BEGIN INFORMATION PROVIDED
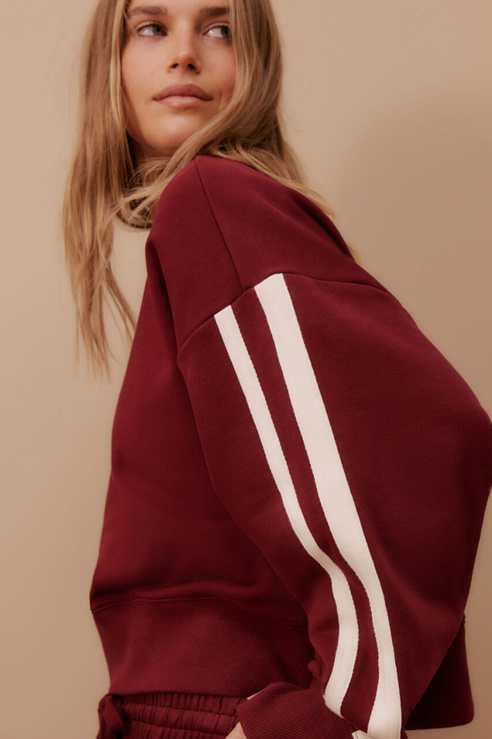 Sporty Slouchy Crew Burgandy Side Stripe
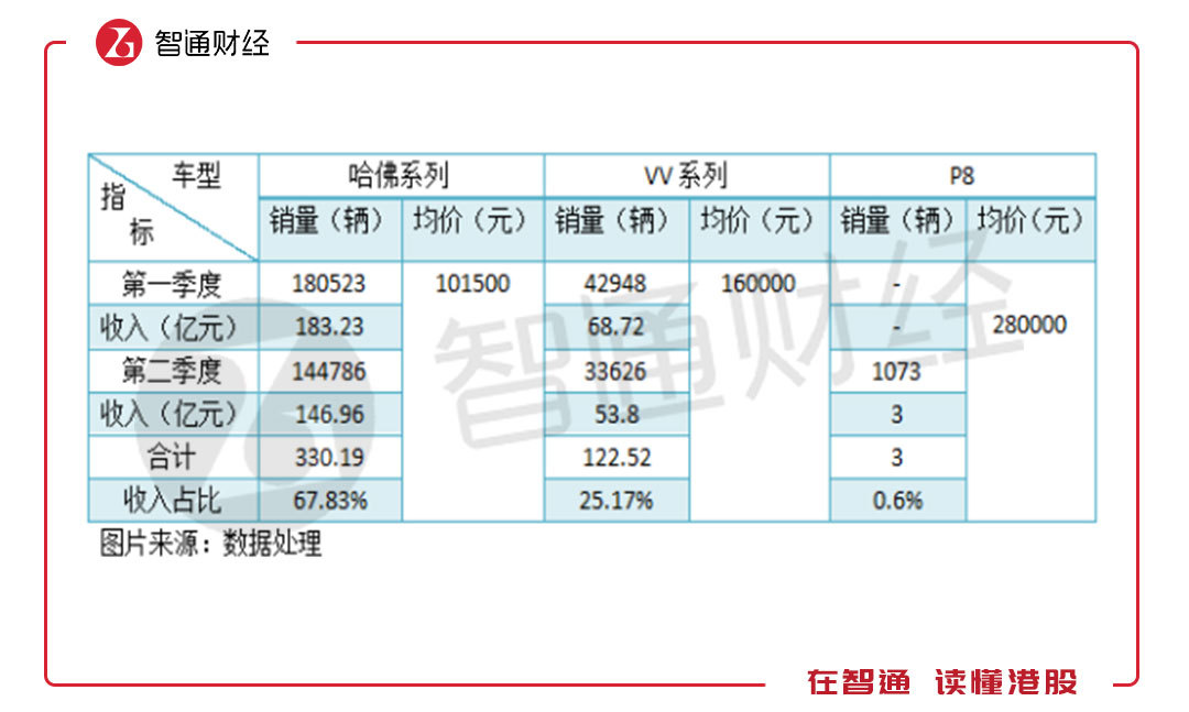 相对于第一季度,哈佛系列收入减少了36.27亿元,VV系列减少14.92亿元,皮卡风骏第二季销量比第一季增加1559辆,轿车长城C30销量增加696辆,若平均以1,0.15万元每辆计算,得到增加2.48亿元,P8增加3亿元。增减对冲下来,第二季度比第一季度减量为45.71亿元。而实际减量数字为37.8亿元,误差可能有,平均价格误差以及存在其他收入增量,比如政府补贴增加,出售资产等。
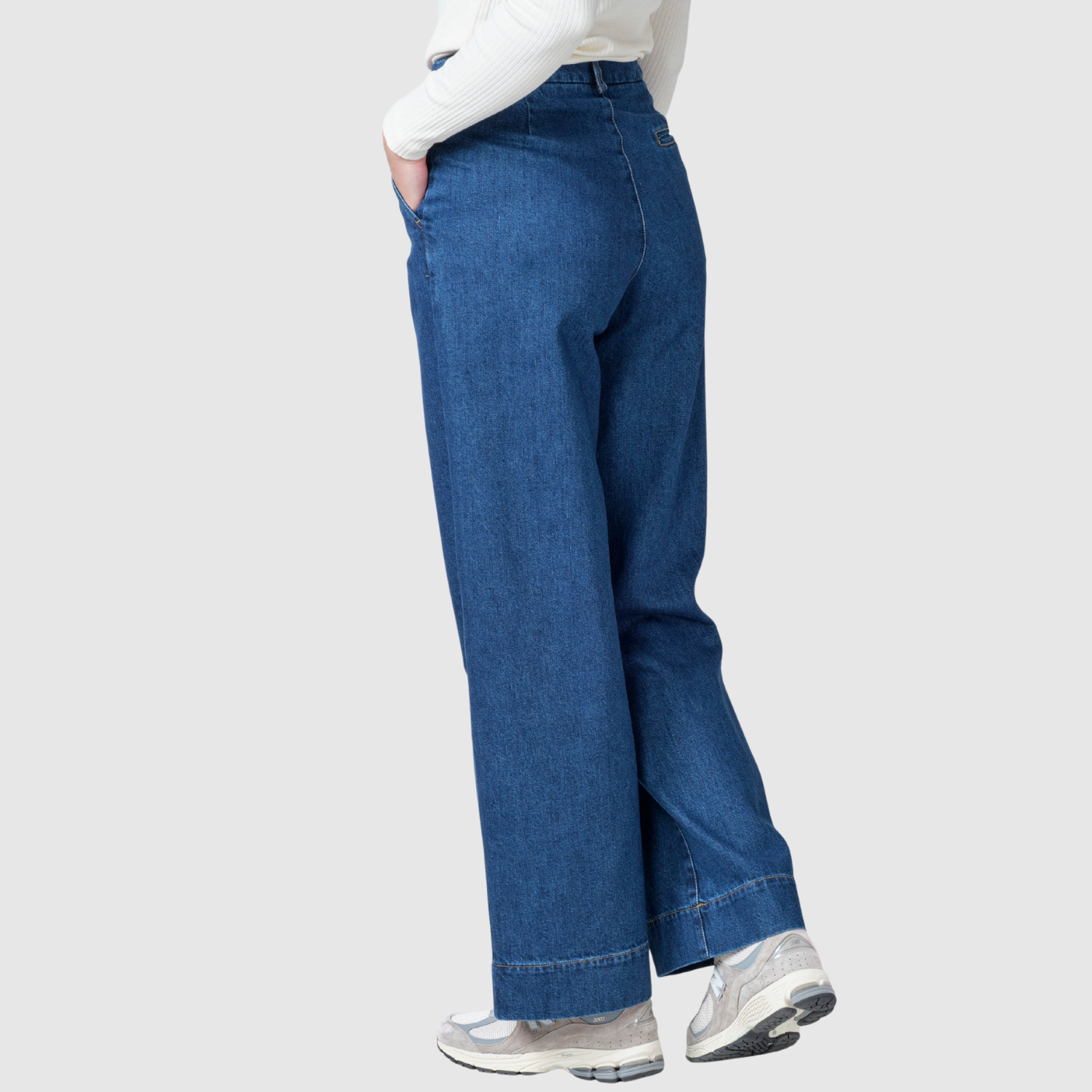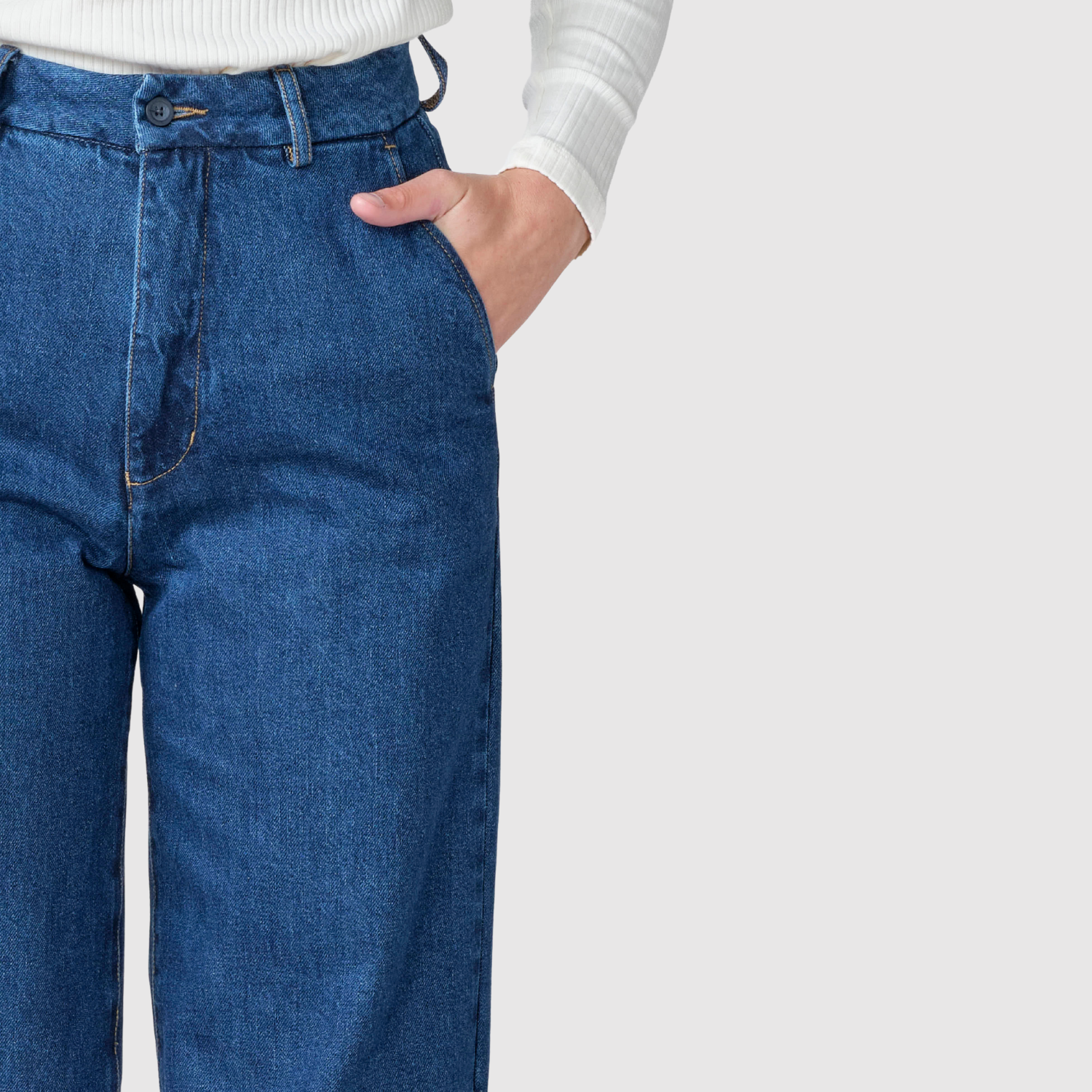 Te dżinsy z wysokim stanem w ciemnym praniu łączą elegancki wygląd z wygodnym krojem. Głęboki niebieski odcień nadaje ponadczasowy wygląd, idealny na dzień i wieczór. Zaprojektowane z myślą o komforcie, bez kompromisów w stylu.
END INFORMATION PROVIDED
PROBLEM STATEMENT. Output each line above exactly. Skip the images.

COMPLETED TASK.
 Sporty Slouchy Crew Burgandy Side Stripe
 相对于第一季度,哈佛系列收入减少了36.27亿元,VV系列减少14.92亿元,皮卡风骏第二季销量比第一季增加1559辆,轿车长城C30销量增加696辆,若平均以1,0.15万元每辆计算,得到增加2.48亿元,P8增加3亿元。增减对冲下来,第二季度比第一季度减量为45.71亿元。而实际减量数字为37.8亿元,误差可能有,平均价格误差以及存在其他收入增量,比如政府补贴增加,出售资产等。
 Te dżinsy z wysokim stanem w ciemnym praniu łączą elegancki wygląd z wygodnym krojem. Głęboki niebieski odcień nadaje ponadczasowy wygląd, idealny na dzień i wieczór. Zaprojektowane z myślą o komforcie, bez kompromisów w stylu.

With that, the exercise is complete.